Четыре стены — и боль…
…Шел дождь, и в дожде падали листья…
…Болела голова и сдох второй примус… нет, это не оттуда…
…В больном позвоночнике горел осенний свет… ну, словом, черт-те-чего.
«Хватит мучиться самому и других мучить», — таков был приговор, и меня вынесло в парк волной коротких гудков из трубки.
Хватит. Устал плыть вдоль перемен. Нужно вернуться — хотя бы для того, чтобы сказать Им, как я Их ненавижу.
«…Ну вот объясни мне, зачем идете в гору вы? Что ты, конкретно, там забыл?» — «Конкретно я?» (Имеет смысл ответить. От шефа не надо отшучиваться, много интересного пропустишь). «Хм-м… иду, чтобы понять, чего я стою в этой жизни». — «То есть, тварь ли дрожащая, или право имею? То есть это, сэр, Ваше эксклюзивное Ватерлоо, вместо убиенной старушки?» — «Почему — Ватерлоо? С чего такой скепсис?» — «Скепсис, говоришь? Давай третейского арбитра спросим. Дочь, а по-твоему как, зачем вы в горы лезете?» — «Синдром божьей коровки», — фыркнула Маринка. — «Чего-чего?» — шеф сделал изумленные глаза. — «Залезть на самую высокую точку, чтобы оттуда взлететь. Рудиментарное желание». — «Вот это мне нравится. Правда, нравится, — он обернулся ко мне: — Больше, чем твое Ватерлоо… А ты говоришь — скепсис…» Мы протягиваем ребенку на выбор сторублевую купюру и нарядный надувной шарик. Он выбирает шарик, и мы смеемся этому выбору, смеемся, заглушая легкую — почти незаметную — тоску: это там, в самом темном уголке сердца плачет наш собственный внутренний ребенок, плачет о том, что и он тоже когда-то был прав, а позже его обманули…

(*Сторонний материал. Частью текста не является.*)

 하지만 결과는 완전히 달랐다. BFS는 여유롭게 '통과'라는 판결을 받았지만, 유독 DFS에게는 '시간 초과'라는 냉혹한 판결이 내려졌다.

…Другой голос, детский, обиженно произнес:
— Когда я был маленький, мне казалось, что все на свете люди сговорились, прежде чем мне родиться.
Оказывается, я уже пятнадцать минут кручу в руках велосипедный насос. А до этого вроде был костыль. А еще раньше — распятие. Я порылся в куче хлама и раскопал там китайский веер.

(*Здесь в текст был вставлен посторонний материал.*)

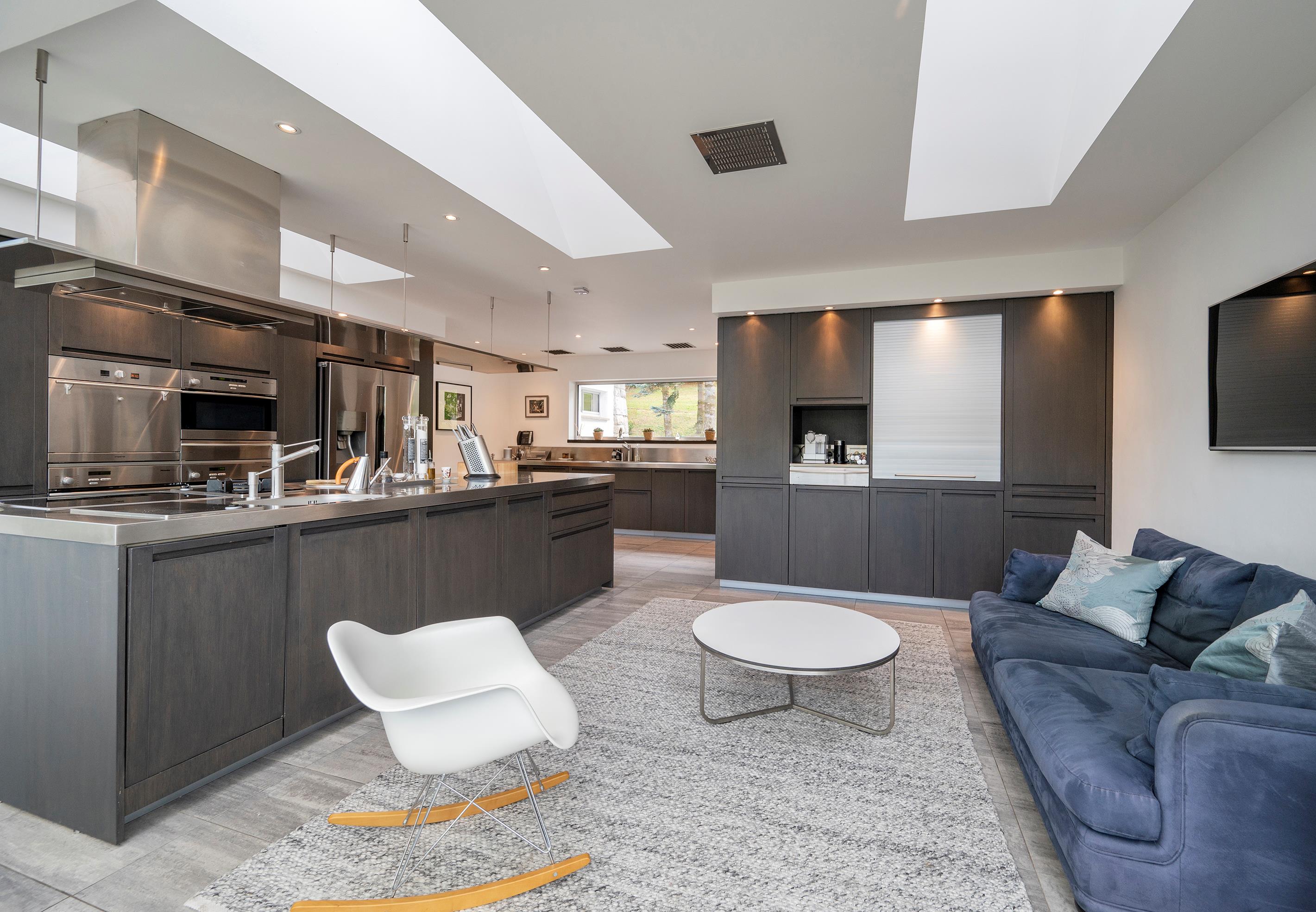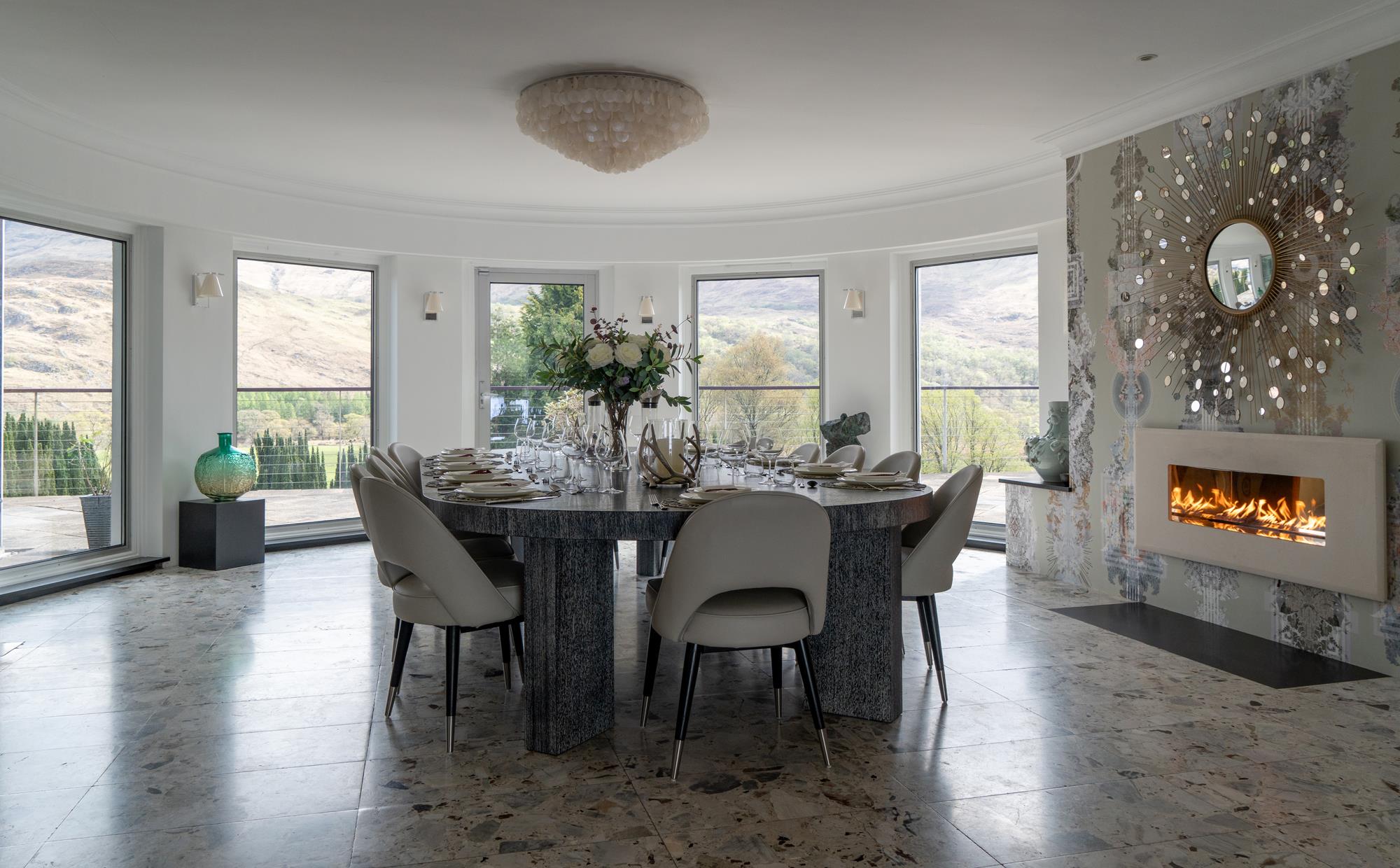 Invercreran House is constructed of concrete and harled brick under a slate roof. The house, with a south facing setting, has a number of unusual features including Italian marble floor and a south-facing terrace running the full length of the house. The house is approached by a tarmac driveway which is flanked by a mature Yew avenue. The drive ends in a sweep behind the house. A particular feature of the house is that all the principal rooms have south-facing views across Glen Creran to the hills beyond. An impressive arched granite entrance has steps leading up to the entrance hall forming the upper ground floor of the property. The property has many internal features, including the dining room with a feature gas fireplace and an Italian marble floor. A curved wall of French windows open up onto the terrace. The magnificent drawing room, which is over 12 metres in length, has stunning views across Glen Creran. The room includes parquet flooring, a feature gas fireplace with stone surround, and three floor-to-ceiling windows open out onto the terrace. The Boffi design dining kitchen is another wow-factor room with a large central island and a dining area within a glass-enclosed area that overlooks the terrace.

— …постоянно думаю о нем, — тут же откликнулся женский голос. — Не хочу о нем думать, и не могу, но постоянно думаю, как будто мыслями своими могу удержать его при себе…

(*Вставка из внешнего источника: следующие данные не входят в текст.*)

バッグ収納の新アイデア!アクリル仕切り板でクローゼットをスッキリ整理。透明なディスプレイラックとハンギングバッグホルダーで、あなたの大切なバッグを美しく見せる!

Мыслями никого не удержишь.
Никого не вернешь…
…и не отвратишь неизбежное.
…Он позвонил, когда до выхода оставалось пятнадцать минут, а моя любовь все еще торчала в ванной. «Собрались, что ли?» — «Так точно!» — «К пустой голове руку не прикладывают, — засмеялся Сан Иваныч. — Я все вижу. Высоко-о сижу, далеко-о гляжу… вы поосторожнее там, в облаках. Ладно?»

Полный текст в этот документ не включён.